Rotarians learn about Indian life

Published 12:00 am Saturday, October 1, 2005

When you think of the Native Americans living in our area a couple of centuries ago, what picture comes to your mind?

Do you envision teepees, feathered war bonnets and plenty of buckskin-clad braves on horseback?

If so, you'd be wrong.

On Thursday, Robert Thrower, tribal historic preservation officer for the Poarch Creek Band of Indians, gave Greenville Rotarians a glimpse into the history of Indian life in Alabama.

"There are a lot of misconceptions people have about American Indians – how we looked, where we lived, how we dressed," Thrower said.

The Atmore native, who is one-quarter Creek and three-quarters Scots-Irish and English, said many of today's Indians don't look much different than their counterparts of European ancestry. Intermarriage between European men and Indian women over time literally changed the face of the American Indian.

"All Indians do not have straight black hair, a darker complexion and no facial hair," Thrower, who sports a mustache and light brown hair pulled back into a ponytail, said.

"We have a few full-blooded Indians that you would quickly identify as being Native American. Then again, we also have some blue-eyed blondes in the tribe," he said.

At one time, Creek territory made up three-quarters of what is now the state of Alabama. And those Creeks definitely didn't live in wigwams.

"There were no teepees for a thousand miles," Thrower explained.

Creeks lived in village and each Creek family had four houses: a winter house, a summer house,

a warehouse and a storehouse. The latter two served as a tool shed and food pantry, respectively.

"Those houses were made with posts driven into the ground, and materials were woven together and coated with mud to make the walls. The winter houses were more heavily insulated, and the summer houses had holes in the walls – a sort of early Indian air conditioning," Thrower said with a smile.

"After the Europeans came along, the Indians began to imitate them and build log cabins, though they kept their thatched roofs," he said.

Indians traveled by foot and by water ("we had interstate highways back then, but it was by water, not road").

When early Spanish explorers left behind some of their horses, Indians gained another means of transportation, Thrower said.
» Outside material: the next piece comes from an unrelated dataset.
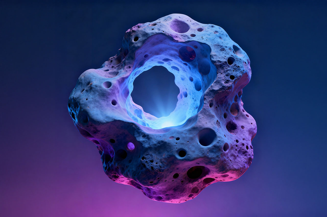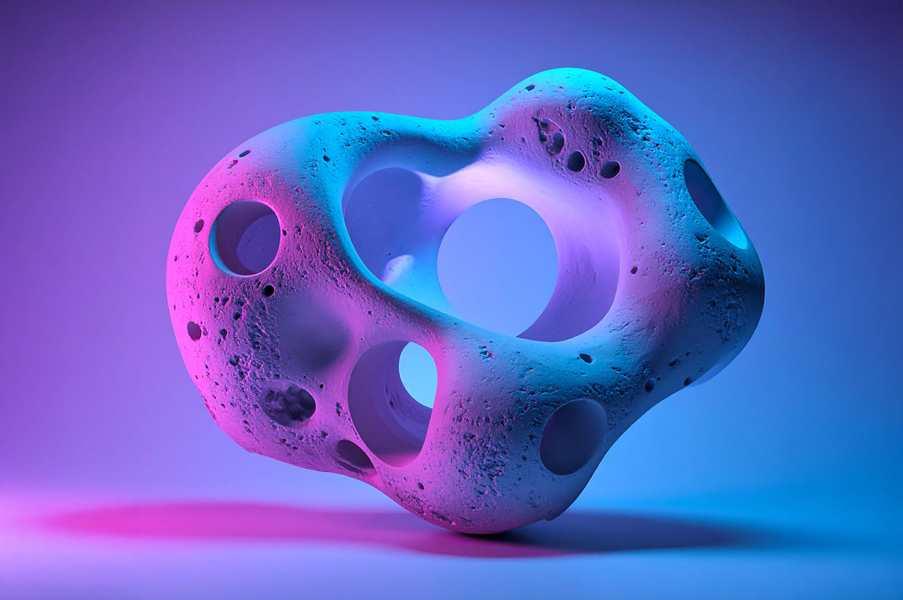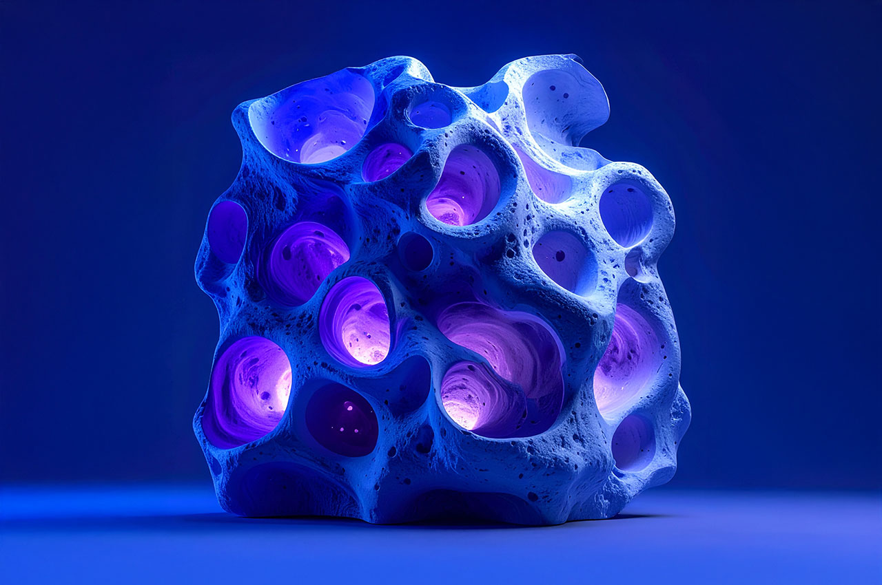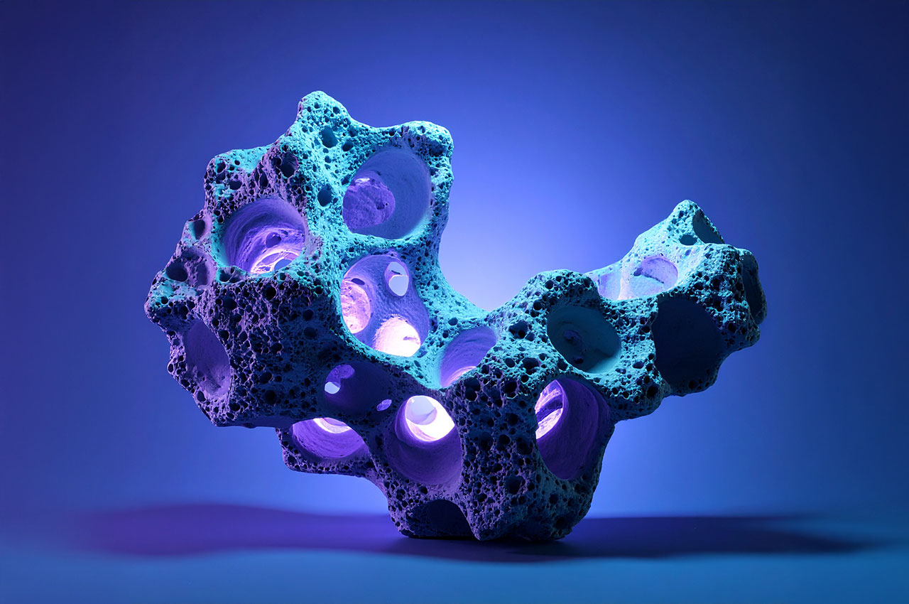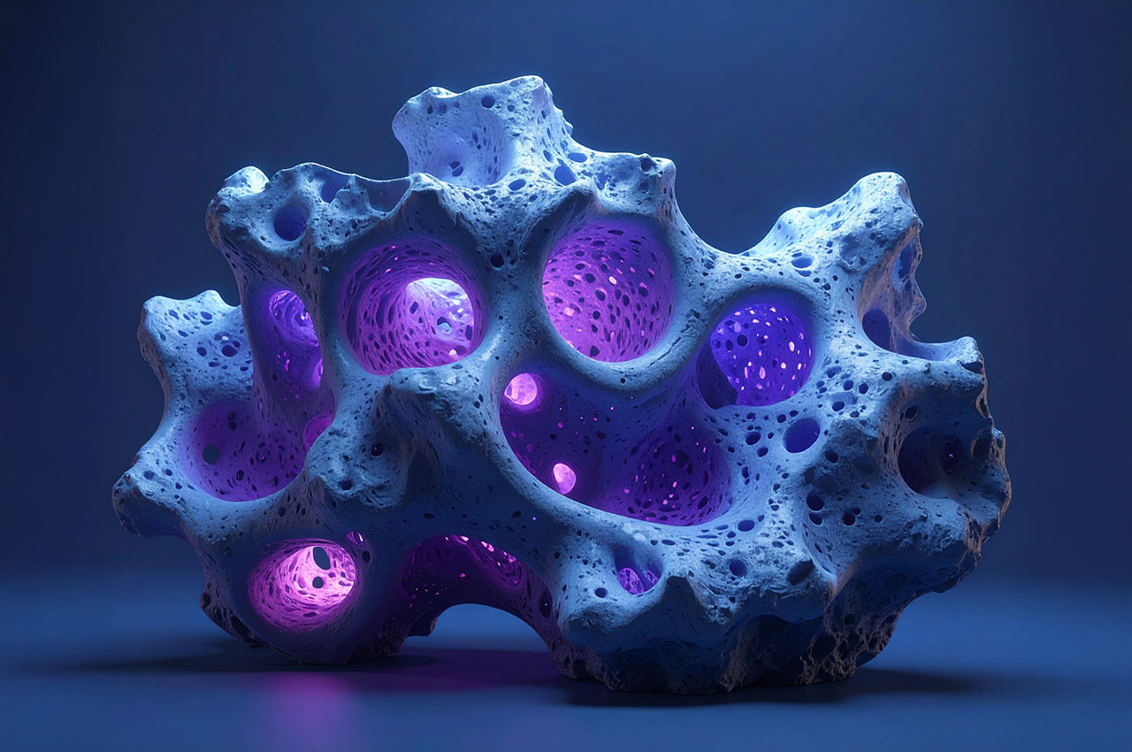 Die Formen erinnern an Korallen, Meteoriten, Knochenfragmente oder an von Wasser ausgehöhlte Steine – doch sie tragen die glatte Präzision einer digitaler Skulptur.

As for the "DUM-dum-dum-dum" drumbeat we've all heard in countless movies and television shows

– "no Indian tribe I've ever heard of played the drum like that," Thrower laughed.

He said he suspects it was the popularity of western movie serials that led the common usage of the inauthentic beat.

One of the biggest misconceptions about his ancestors, he said, deals with the way Indians dressed.

"For 2,000 years, Indians basically had no choice but buckskin and fur for clothing. But that had changed by the pioneer days," Thrower said.

For his audience, he donned the type of clothing items typically worn by Creek Indians during the Trail of Tears.

Starting with a colorful blue and red ruffle-trimmed French coat with a hood, he added a woven beaded sash around his waist along with matching knee sashes, which Thrower explained would have been worn over leggings.

A bandoleer slung over the shoulder and a small printed turban-style hat, trimmed with a large white ostrich plume, completed Thrower's historically accurate outfit.

"This isn't what most folks imagine Indians wore in those days. However, the French traders were getting as many buckskins as they could to ship abroad. In turn, the Indians were adopting European clothing as their own," Thrower explained.

When asked if the rather elaborate-looking costume was the sort of thing worn everyday, Thrower said it was.

"For formal occasions, everything was fancier than what you see now."

One item the Indians retained from their native attire was the moccasin. "Those moccasins – the most comfortable shoe you can wear – varied from tribe to tribe. You could look at a Indian's shoe and know what tribe they were from," Thrower said.

Thrower, a teacher, writer, poet, traditional artist and student of traditional medicine

(who also happens to be an ordained Baptist minister) has been giving presentations on

Southeastern Indian culture for over 20 years.

Rotarian Daisy Norman was one of the club members who enjoyed looking at the many historical items, from a buckskin to a turtle shell shaker, that Thrower had brought with him.

"It was a great program, very informative. Col. Tisdale always come up with interesting programs for us," Norman said.